[Collected data]
§

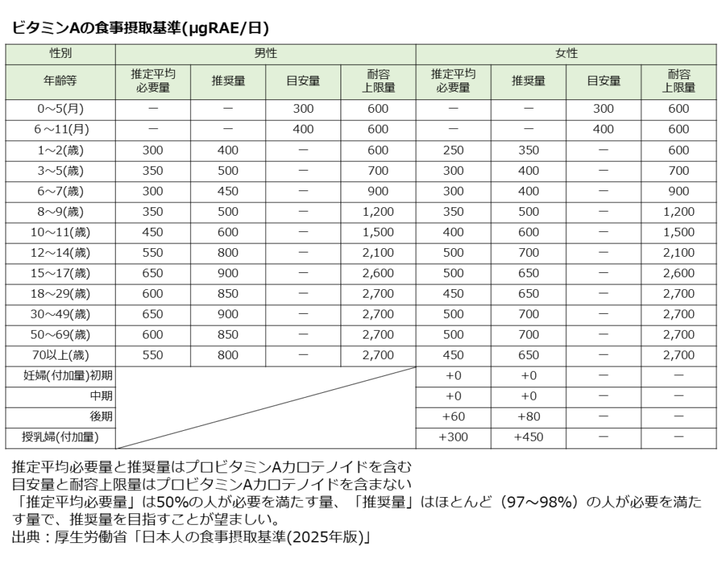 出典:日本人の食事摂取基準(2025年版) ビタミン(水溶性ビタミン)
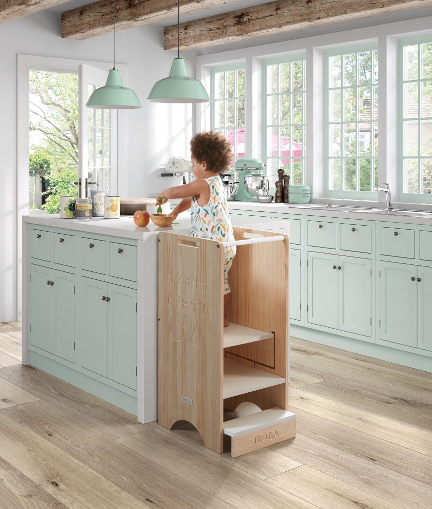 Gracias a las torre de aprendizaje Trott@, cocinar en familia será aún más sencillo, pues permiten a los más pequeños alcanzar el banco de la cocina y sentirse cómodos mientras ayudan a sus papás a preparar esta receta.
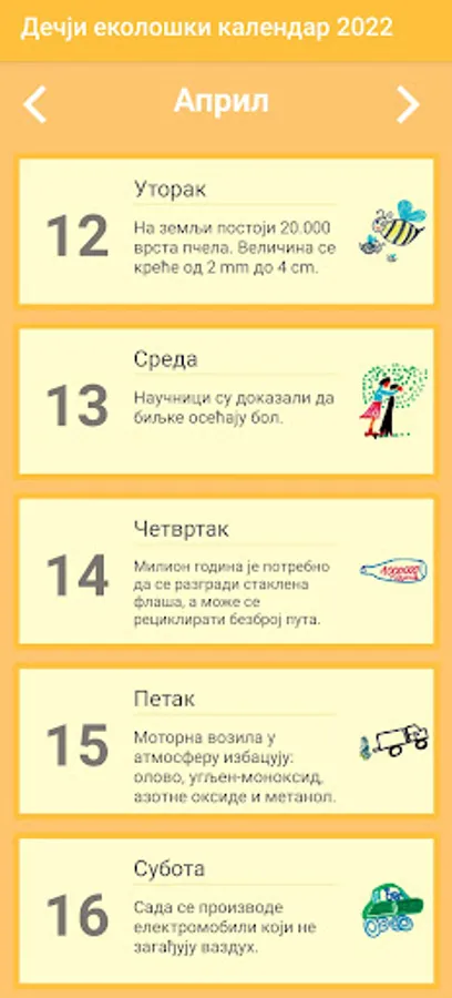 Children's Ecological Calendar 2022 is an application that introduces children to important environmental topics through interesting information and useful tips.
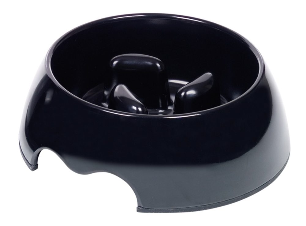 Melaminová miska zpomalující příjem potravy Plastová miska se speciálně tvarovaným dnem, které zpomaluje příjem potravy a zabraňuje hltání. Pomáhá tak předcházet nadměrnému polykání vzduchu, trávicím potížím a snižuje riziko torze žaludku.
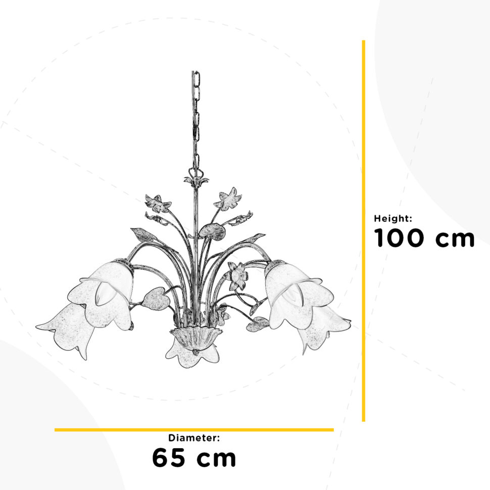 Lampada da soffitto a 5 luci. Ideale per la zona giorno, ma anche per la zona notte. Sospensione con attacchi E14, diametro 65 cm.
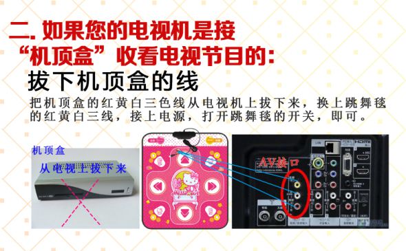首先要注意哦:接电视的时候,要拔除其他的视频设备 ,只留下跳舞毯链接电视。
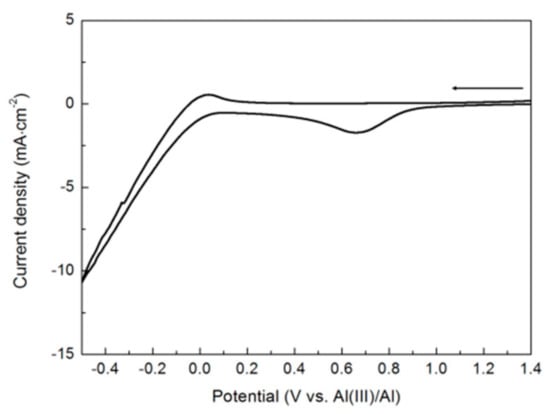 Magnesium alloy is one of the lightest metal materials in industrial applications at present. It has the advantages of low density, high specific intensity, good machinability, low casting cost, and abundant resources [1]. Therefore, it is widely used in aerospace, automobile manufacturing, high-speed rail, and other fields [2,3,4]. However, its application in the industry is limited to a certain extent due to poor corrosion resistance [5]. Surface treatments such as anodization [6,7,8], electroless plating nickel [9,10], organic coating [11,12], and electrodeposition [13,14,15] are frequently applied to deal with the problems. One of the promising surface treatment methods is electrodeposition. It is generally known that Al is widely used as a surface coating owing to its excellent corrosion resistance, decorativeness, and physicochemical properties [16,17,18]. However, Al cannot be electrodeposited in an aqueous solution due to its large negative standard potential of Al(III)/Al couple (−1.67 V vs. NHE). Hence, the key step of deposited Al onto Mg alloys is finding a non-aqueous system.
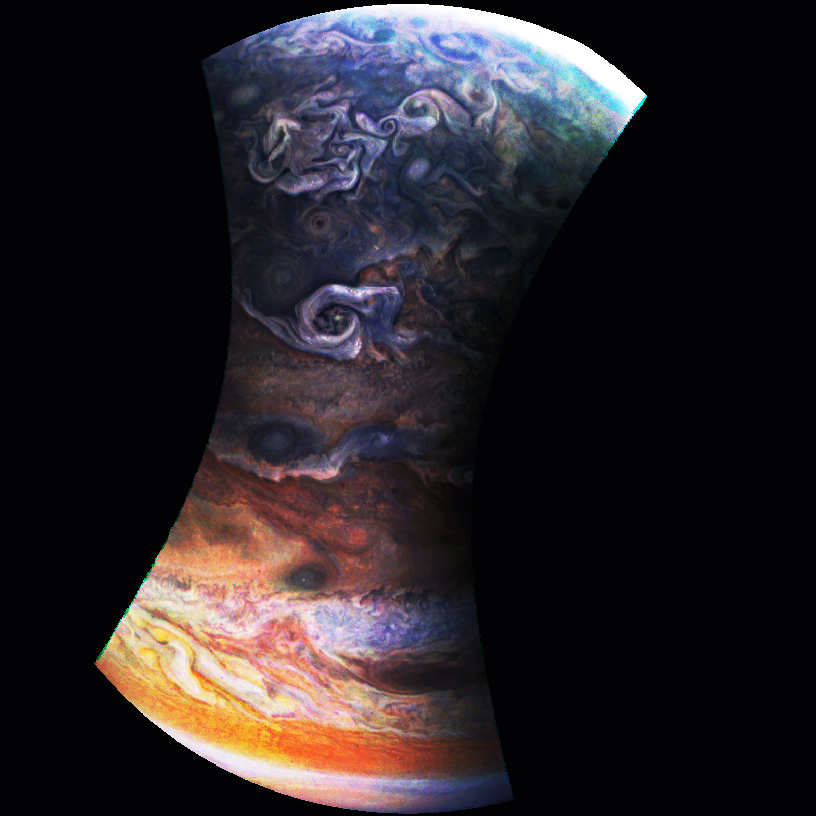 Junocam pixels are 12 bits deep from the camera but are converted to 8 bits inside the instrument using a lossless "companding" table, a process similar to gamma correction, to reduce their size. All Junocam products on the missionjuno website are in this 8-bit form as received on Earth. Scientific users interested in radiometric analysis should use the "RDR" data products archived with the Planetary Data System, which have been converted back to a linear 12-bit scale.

§

Your answer should hold every record above, printed exactly and free of pictures.

 出典:日本人の食事摂取基準(2025年版) ビタミン(水溶性ビタミン)
 Gracias a las torre de aprendizaje Trott@, cocinar en familia será aún más sencillo, pues permiten a los más pequeños alcanzar el banco de la cocina y sentirse cómodos mientras ayudan a sus papás a preparar esta receta.
 Children's Ecological Calendar 2022 is an application that introduces children to important environmental topics through interesting information and useful tips.
 Melaminová miska zpomalující příjem potravy Plastová miska se speciálně tvarovaným dnem, které zpomaluje příjem potravy a zabraňuje hltání. Pomáhá tak předcházet nadměrnému polykání vzduchu, trávicím potížím a snižuje riziko torze žaludku.
 Lampada da soffitto a 5 luci. Ideale per la zona giorno, ma anche per la zona notte. Sospensione con attacchi E14, diametro 65 cm.
首先要注意哦:接电视的时候,要拔除其他的视频设备 ,只留下跳舞毯链接电视。
 Magnesium alloy is one of the lightest metal materials in industrial applications at present. It has the advantages of low density, high specific intensity, good machinability, low casting cost, and abundant resources [1]. Therefore, it is widely used in aerospace, automobile manufacturing, high-speed rail, and other fields [2,3,4]. However, its application in the industry is limited to a certain extent due to poor corrosion resistance [5]. Surface treatments such as anodization [6,7,8], electroless plating nickel [9,10], organic coating [11,12], and electrodeposition [13,14,15] are frequently applied to deal with the problems. One of the promising surface treatment methods is electrodeposition. It is generally known that Al is widely used as a surface coating owing to its excellent corrosion resistance, decorativeness, and physicochemical properties [16,17,18]. However, Al cannot be electrodeposited in an aqueous solution due to its large negative standard potential of Al(III)/Al couple (−1.67 V vs. NHE). Hence, the key step of deposited Al onto Mg alloys is finding a non-aqueous system.
 Junocam pixels are 12 bits deep from the camera but are converted to 8 bits inside the instrument using a lossless "companding" table, a process similar to gamma correction, to reduce their size. All Junocam products on the missionjuno website are in this 8-bit form as received on Earth. Scientific users interested in radiometric analysis should use the "RDR" data products archived with the Planetary Data System, which have been converted back to a linear 12-bit scale.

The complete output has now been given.